Не лучше обстояли дела и в Сарагосе. Управление криминальной полиции спешно подстраивалось под требования новых властей, поговаривали даже о полном роспуске старой королевской полиции и формировании новой, уже народной милиции, а потому никто делом не занимался — просто из опасения сделать что-то не так. А уж про Энрике Гонсалеса здесь и вовсе постарались забыть: опытные чиновники прекрасно понимали, что значит будить спящую собаку.
А потому Мигель всем занимался сам. Поговорив со старым сеньором Эсперанса, он выяснил, что полковник не совсем еще выжил из ума и вовсе не путает приличия с возмездием. Да, сеньор Хуан пошел на то, чтобы похоронить в семейном склепе неведомо чей прах просто потому, что не мог позволить слухам распространяться, но он отнюдь не оставил надежды доискаться до истины, а если на то будет воля божья, то и найти похитителей. Именно поэтому он и предоставил молодому лейтенанту полную свободу действий. Без исключения.
И Мигель использовал все. Он по всем правилам оформил и отправил в Сарагосу показания сеньоры Анхелики, перерыл весь господский сад, перевернул вверх дном хижину садовника, устроил повторный допрос всем свидетелям по делу о самоубийстве Марии Эстебан, но все было тщетно. Свидетели молчали, садовник запирался, и даже дистиллятор найден не был. И это означало полный провал по всем трем возможным обвинениям.
Нет, Мигель не сдавался. Он понимал, что, пока садовник сидит, камера делает свое дело, и каждый новый день начинается для арестанта одним и тем же вопросом: «Сколько еще?» — а значит, пройдет время, и однажды садовник сломается.

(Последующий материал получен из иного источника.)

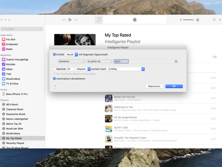 Öffne die Musik-App auf deinem Mac und klicke in der Menüleiste auf „Ablage > Neue intelligente Playlist“. Nutzt du macOS Mojave oder älter, dann fahre in iTunes fort. Wähle hinter „Enthält“ die Option Musik“ aus und lege als Eigenschaft „Spieldauer ist größer als 00:01“ fest. Entferne den Haken vor den maximalen Objekten. Setze weiter unten einen Haken vor „Automatisch aktualisieren“ und klicke anschließend auf „OK“. Lege jetzt noch einen Namen fest, um deine Playlist schnell wiederzufinden.
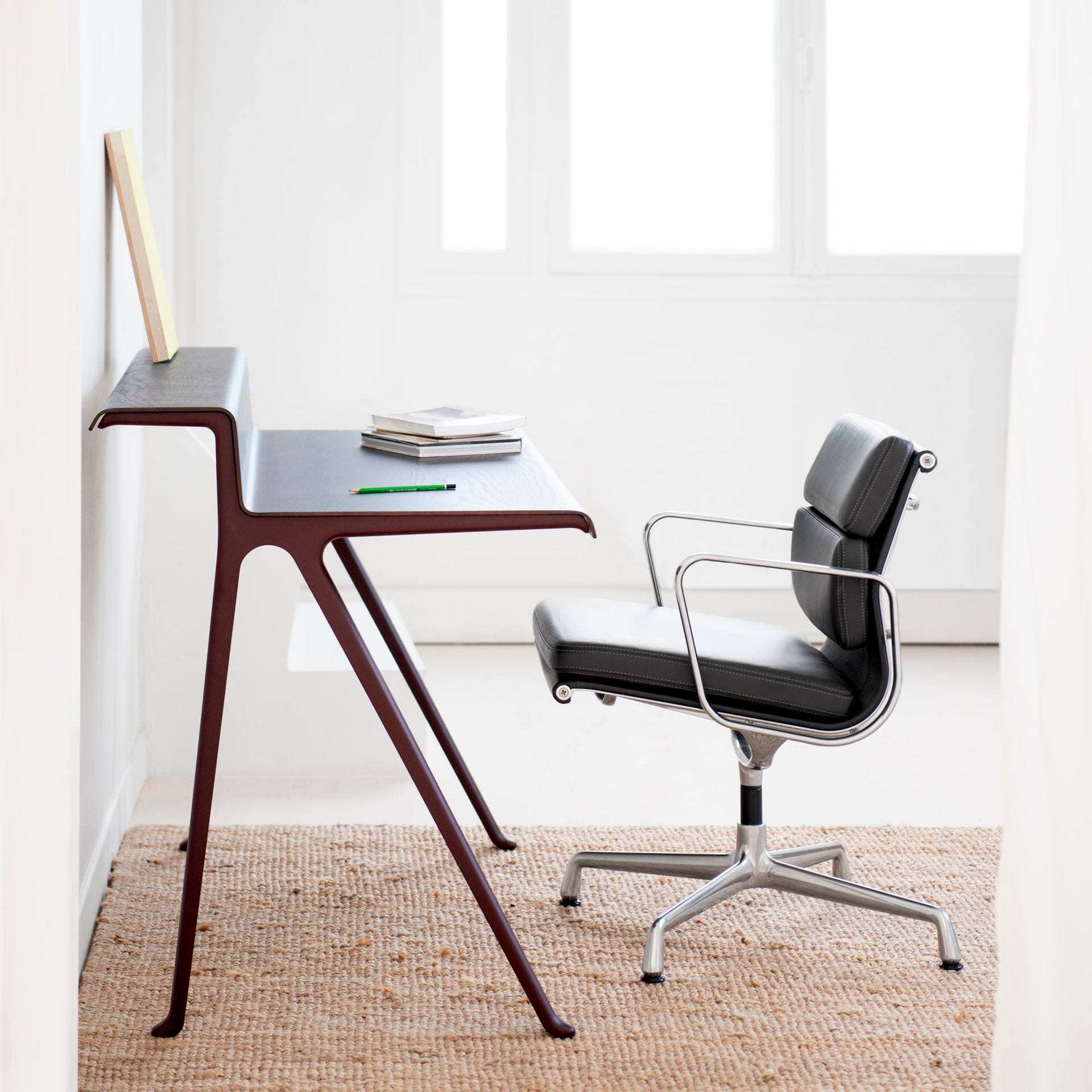 Der Courier Schreibtisch entworfen von Ronan Bouroullec für Vitra ist ein formal ansprechendes Objekt, das sowohl Schreibtisch als auch Skulptur ist. Mit seiner minimalistischen Form und einer durchdachten Materialwahl fügt sich der Tisch perfekt in moderne Wohnräume ein und setzt dabei stilvolle Akzente. Von der Seite betrachtet erinnert die Silhouette des Schreibtischs an einen Serifen-Buchstaben – daher der Name Courier, der für eine der bekanntesten Serifenschriften steht.
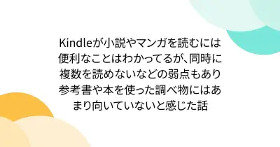 Kindleが小説やマンガを読むには便利なことはわかってるが、同時に複数を読めないなどの弱点もあり参考書や本を使った調べ物にはあまり向いていないと感じた話
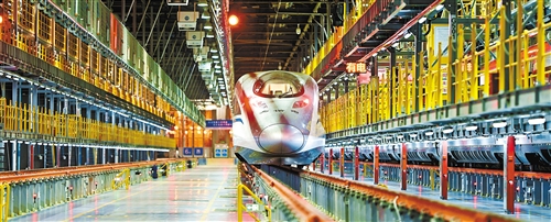 鄭州南動車所對標(biāo)準(zhǔn)組動車進行檢修。近年來,高鐵新線的陸續(xù)開通,為鄭州逐步建設(shè)成國際性綜合交通樞紐提供了強勁動力。 王 錚攝(中經(jīng)視覺)
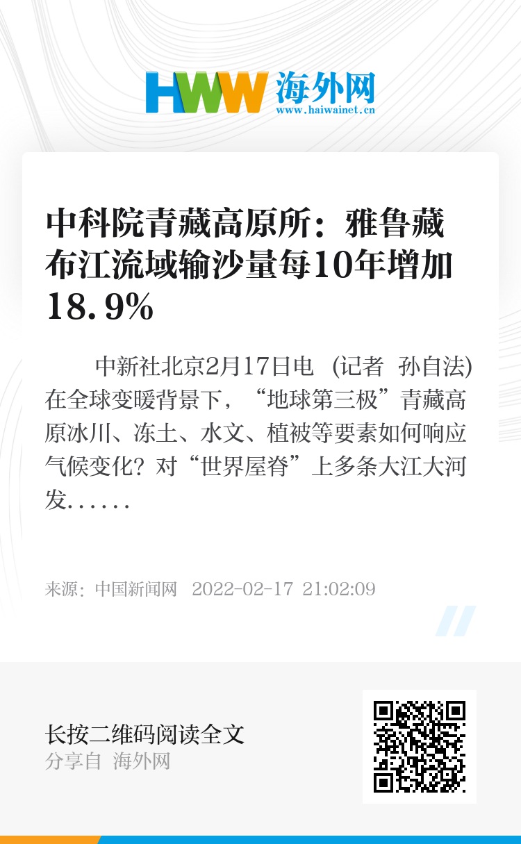 中国科学院青藏高原研究所(中科院青藏高原所)科研团队17日向媒体发布的一项最新研究表明,近几十年来,暖湿化气候推动青藏高原江河源区输沙量以增加趋势为主,雅鲁藏布江流域河流输沙量以每10年增加18.9%的变化率显著增加,且目前尚未检出突变拐点。
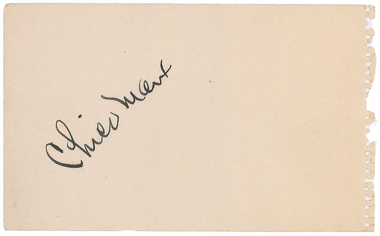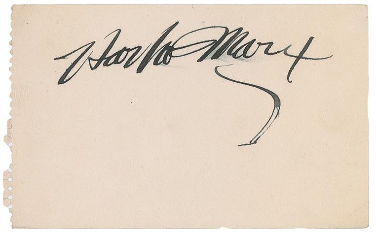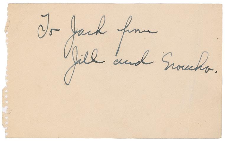 Vintage fountain pen signatures, “Harpo Marx,” “Chico Marx,” and “To Jack from Jill and Groucho,” on individual off-white 5 x 3 album pages. In fine condition, with uniform toning to each page and a light brush to Harpo’s signature.
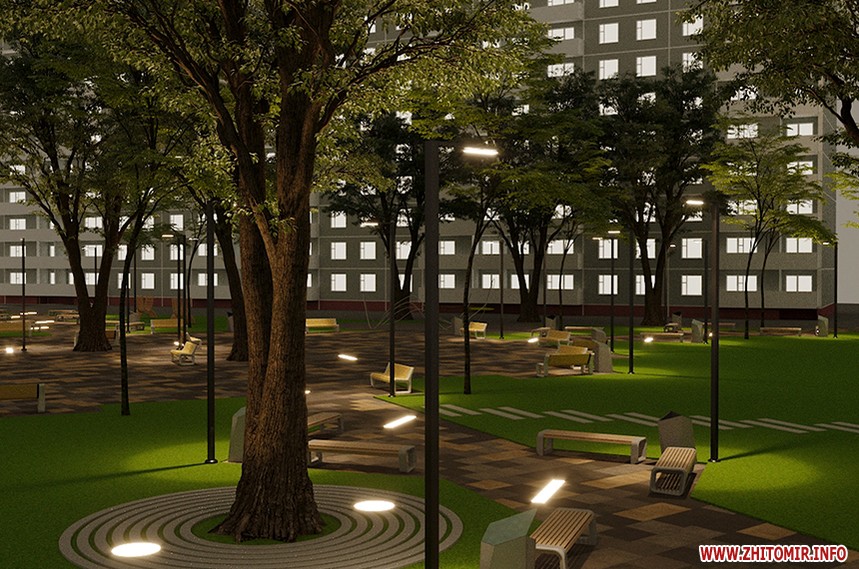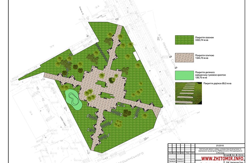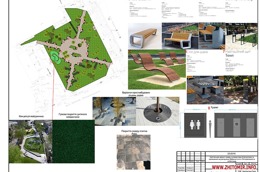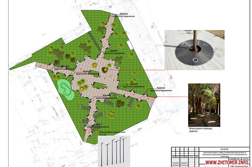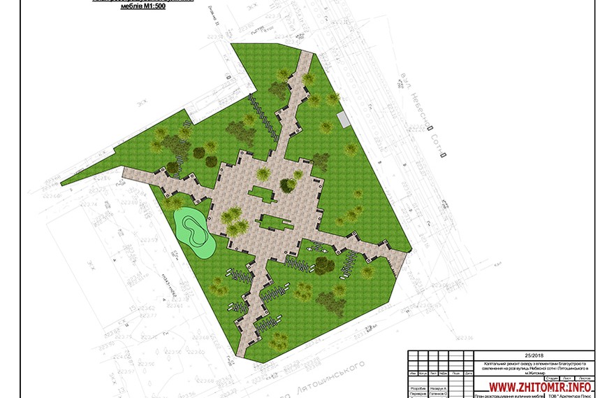 «Ми передбачаємо влаштувати безбар’єрний доступ до цього скверу з вулиці Лятошинського та тротуару з вулиці Небесної сотні, щоб можна було в одному рівні заїхати і не мати на своєму шляху перешкод. Якщо там будуть перепади, то робити пандуси перед з’їздами на проїжджу частину. Укладати також тактильну плитку, яка буде незрячим людям давати розуміння, що вони знаходяться перед проїжджою частиною, перед перехрестям», - розповів головний архітектор Житомира Юрій Безбородов.
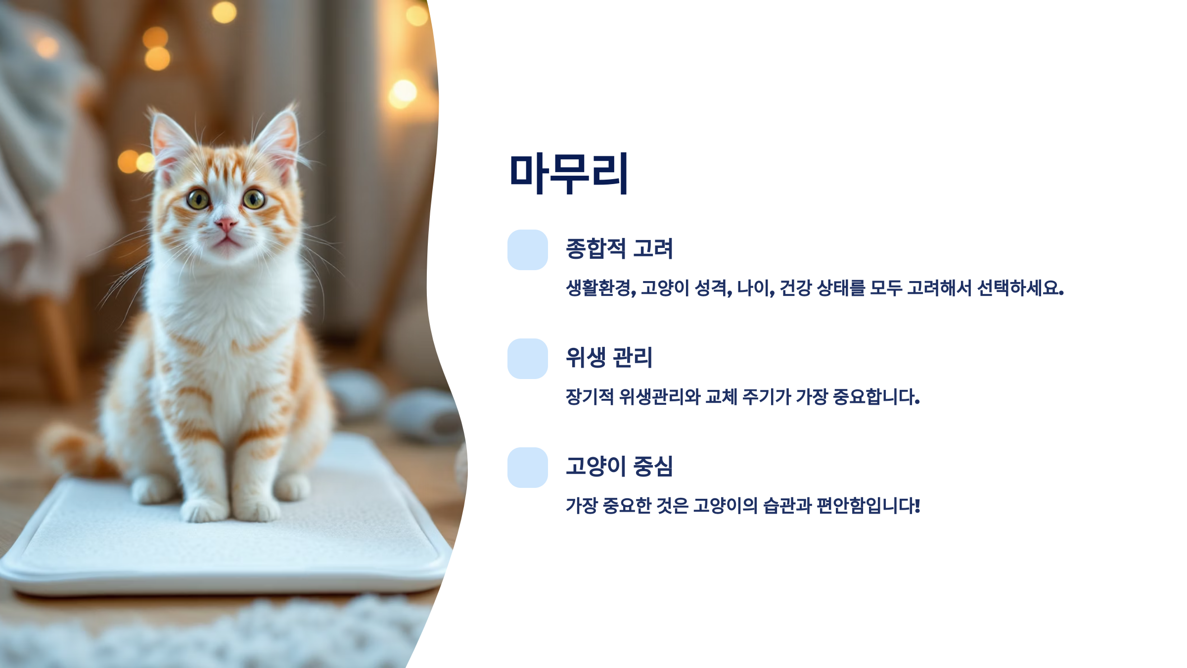 모래 선택은 고양이의 선호도와 집사의 관리 스타일을 모두 고려해야 최적의 결과를 얻을 수 있어요 💡
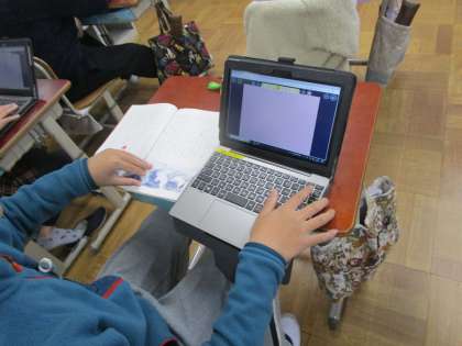 国語科「初雪のふる日」では、「初雪のふる日」とはどんな印象のお話かを考えました。言葉や表現に着目し、どこからその印象を感じたのかを説明する文章をロイロノートに書きました。
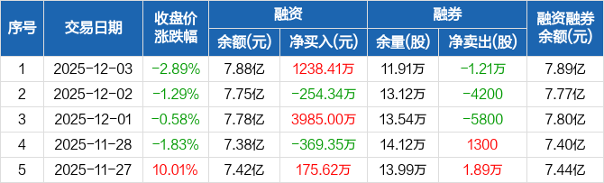融资方面,当日融资买入8027.17万元,融资偿还6788.76万元,融资净买入1238.41万元。融券方面,融券卖出1.03万股,融券偿还2.24万股,融券余量11.91万股,融券余额176.39万元。融资融券余额合计7.89亿元。
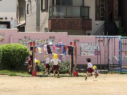 こいのぼりまで・・(5歳児) 公開日 2022/04/28 更新日 2022/05/23 園児の様子 つくったこいのぼりを園庭で元気に泳ぐこいのぼりのように泳がせたいという気持ちがあって、ポールのそばにつけようとしたり、雲梯にのせてぶら下げたりしていました。考えていますね(^^)保育室に入る前にみんなでこいのぼり目指して、よ〜い ドン! いいね(0)

Но спустя всего неделю в участок стал наведываться падре Франсиско, за ним сеньора Тереса Эсперанса, и оба просили об одном: не оставлять ребенка сиротой. Сеньора Тереса пугала Мигеля «прелестями» католических приютов, которые придется испытать на себе немому мальчику; падре — полной финансовой несостоятельностью ребенка и перспективой пополнить и без того многочисленные ряды нищих и убогих, и оба хотели одного: свободы для плохого, но все-таки отца. Мигель понимал, что здесь без алькальда не обошлось, но крыть ему было нечем, а дело с мертвой точки не сдвигалось.
Кроме того, сказать, что после 14 апреля работы у начальника полиции прибавилось, значило не сказать ничего. Весь город словно превратился в один большой сумасшедший дом. Из Мадрида, Сарагосы и даже Барселоны понаехало столько эмиссаров от самых разных партий, что люди совершенно запутались, пытаясь разобраться, кто есть кто и чего хочет, и трактовали политические программы в силу своего разумения.